Data Science Jumpstart with 10 Projects Transcripts
Chapter: Project 3: Merging AirBnB Temperature Data
Lecture: Validating one to one and one to many merges
Login or
purchase this course
to watch this video and the rest of the course contents.
0:00
One of the things you might want to do with merged data is to validate it and see if it was successful.
0:06
This is a challenge with SQL when you try and merge something. Oftentimes it's unclear, did the join work? What's going on there?
0:15
Pandas has some functionality to make this a little easier. Okay, so I'm going to demonstrate this with just a different dataset here.
0:22
I've got the left and the right dataset. In this cell, I'm showing the display function which Jupyter provides you.
0:28
This allows us just to output multiple things in a single cell. So we've got this data frame left that has names and pets,
0:37
and we have a data frame right that has names and ages.

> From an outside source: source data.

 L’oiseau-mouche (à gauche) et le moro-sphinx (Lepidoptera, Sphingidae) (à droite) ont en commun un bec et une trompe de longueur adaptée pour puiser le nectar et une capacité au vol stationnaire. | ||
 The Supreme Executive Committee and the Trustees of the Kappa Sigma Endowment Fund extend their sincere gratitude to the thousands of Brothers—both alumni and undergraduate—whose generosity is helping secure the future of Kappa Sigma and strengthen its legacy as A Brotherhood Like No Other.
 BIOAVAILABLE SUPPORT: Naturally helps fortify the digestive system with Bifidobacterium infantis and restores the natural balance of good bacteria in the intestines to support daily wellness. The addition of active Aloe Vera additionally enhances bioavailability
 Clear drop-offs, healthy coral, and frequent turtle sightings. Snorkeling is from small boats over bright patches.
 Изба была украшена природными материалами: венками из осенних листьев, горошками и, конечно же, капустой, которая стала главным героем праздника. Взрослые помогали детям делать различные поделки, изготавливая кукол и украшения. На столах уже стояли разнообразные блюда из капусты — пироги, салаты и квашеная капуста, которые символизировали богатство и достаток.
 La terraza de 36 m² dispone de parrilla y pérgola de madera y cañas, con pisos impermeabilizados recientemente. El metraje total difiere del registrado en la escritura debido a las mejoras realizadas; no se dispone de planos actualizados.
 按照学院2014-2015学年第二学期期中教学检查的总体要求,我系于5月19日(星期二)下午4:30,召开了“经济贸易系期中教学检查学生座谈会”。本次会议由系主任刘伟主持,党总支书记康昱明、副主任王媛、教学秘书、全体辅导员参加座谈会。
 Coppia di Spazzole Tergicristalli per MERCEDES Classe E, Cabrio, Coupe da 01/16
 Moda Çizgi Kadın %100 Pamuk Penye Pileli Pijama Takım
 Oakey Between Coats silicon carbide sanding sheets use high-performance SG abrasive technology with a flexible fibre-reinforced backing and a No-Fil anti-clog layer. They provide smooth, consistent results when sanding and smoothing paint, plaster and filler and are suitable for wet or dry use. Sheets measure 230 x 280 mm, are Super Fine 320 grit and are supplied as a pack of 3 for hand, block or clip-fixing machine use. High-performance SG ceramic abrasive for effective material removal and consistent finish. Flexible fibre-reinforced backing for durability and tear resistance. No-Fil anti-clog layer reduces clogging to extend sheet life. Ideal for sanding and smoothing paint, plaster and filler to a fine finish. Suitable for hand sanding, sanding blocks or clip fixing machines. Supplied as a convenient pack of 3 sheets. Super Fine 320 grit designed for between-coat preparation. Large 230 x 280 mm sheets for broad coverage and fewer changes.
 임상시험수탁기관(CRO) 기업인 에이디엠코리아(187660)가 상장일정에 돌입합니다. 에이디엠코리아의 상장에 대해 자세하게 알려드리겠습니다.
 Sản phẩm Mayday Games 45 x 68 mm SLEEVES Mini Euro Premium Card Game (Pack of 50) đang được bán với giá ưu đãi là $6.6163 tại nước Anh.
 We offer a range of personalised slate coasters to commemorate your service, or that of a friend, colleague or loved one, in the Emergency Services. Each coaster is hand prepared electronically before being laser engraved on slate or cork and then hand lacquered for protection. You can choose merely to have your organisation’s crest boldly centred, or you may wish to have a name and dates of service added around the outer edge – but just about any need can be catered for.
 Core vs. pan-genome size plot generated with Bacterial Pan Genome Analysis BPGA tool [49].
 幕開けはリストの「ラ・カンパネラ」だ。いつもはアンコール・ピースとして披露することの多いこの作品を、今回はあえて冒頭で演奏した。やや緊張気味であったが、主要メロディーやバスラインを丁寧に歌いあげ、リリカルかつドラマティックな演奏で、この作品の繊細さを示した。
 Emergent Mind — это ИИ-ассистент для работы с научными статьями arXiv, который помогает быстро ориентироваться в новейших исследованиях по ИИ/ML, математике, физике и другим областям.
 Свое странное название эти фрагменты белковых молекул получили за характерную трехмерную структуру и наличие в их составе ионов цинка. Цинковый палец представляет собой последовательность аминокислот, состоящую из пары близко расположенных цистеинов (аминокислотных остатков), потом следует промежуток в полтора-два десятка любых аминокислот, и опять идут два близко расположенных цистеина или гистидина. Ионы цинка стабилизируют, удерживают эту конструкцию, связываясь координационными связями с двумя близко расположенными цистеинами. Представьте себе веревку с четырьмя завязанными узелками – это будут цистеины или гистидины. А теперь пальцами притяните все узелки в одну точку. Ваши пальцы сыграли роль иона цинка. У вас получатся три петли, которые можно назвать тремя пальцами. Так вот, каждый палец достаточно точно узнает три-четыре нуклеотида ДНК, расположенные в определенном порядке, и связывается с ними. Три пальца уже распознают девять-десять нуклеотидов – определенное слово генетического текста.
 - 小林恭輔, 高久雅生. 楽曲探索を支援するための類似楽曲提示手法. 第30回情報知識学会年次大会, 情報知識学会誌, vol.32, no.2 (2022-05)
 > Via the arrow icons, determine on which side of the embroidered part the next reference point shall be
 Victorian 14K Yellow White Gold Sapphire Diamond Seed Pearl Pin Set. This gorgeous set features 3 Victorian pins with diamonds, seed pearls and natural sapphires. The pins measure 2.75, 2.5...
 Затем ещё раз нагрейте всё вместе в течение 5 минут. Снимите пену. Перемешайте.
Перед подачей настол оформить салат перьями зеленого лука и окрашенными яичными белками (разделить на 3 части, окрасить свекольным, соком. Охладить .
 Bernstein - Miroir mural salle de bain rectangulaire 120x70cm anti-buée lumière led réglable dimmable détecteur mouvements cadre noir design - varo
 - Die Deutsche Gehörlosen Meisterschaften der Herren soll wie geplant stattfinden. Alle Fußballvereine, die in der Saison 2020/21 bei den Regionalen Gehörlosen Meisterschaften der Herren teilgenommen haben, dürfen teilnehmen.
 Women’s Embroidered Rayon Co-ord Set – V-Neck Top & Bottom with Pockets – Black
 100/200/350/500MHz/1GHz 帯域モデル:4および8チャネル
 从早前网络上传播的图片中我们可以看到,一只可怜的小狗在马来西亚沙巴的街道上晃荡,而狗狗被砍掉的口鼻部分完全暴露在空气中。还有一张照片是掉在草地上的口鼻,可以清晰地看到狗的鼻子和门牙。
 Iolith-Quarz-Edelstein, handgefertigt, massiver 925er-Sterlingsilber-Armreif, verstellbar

So let's look at the different merges that we can do. We can do an inner merge.
0:48
And so here is an inner merge. You can see that Ravi and Jose are in both of my datasets, but Sally is only in one.
0:58
So the inner merge doesn't include Sally. I can do a left merge, which is going to say, take everyone from the left data frame.
1:06
In this case, it should have Ravi and Jose in it. I can do a right merge, which should include Sally.
1:13
And we can do an outer, which is going to include everyone from both. And we can also do a cross merge.
1:20
And a cross merge is something you need to be careful with. Basically, it's going to say for every row in one data frame,
1:28
merge it with every row in the other data frame. So you can see we have for the first Ravi from left, we have Ravi, Jose, and Sally.
1:38
From the right-hand side, for every Jose in the left, we have Ravi, Jose, and Sally from the other side.
1:46
One of the super convenient parameters that comes with this is the validate parameter.
1:51
And here I'm going to say I want to validate that this is a one-to-one merge. And when I run this, I get an error.
1:58
And it says that the merge keys are not unique in the left data set. And if we look at that left data set, again, it looks like this.
2:09
And you can see that Jose is repeated there. So it is impossible to do a one-to-one merge here because Jose is repeated.
2:16
So if we want to do this, what it's really going to be is a many-to-one merge, and we can specify that with an m-to-one.
2:22
And you can see that that comes out without a complaint. Pandas provides a nice functionality in this validate parameter.
2:31
And you can specify 1,1 for a one-to-one merge, m,1 for many-to-one, or 1,m, or an m,m. Note that validation on m,m really doesn't exist,
2:45
but you can put it in there as a hint to your reader about what kind of merge you're expecting to perform.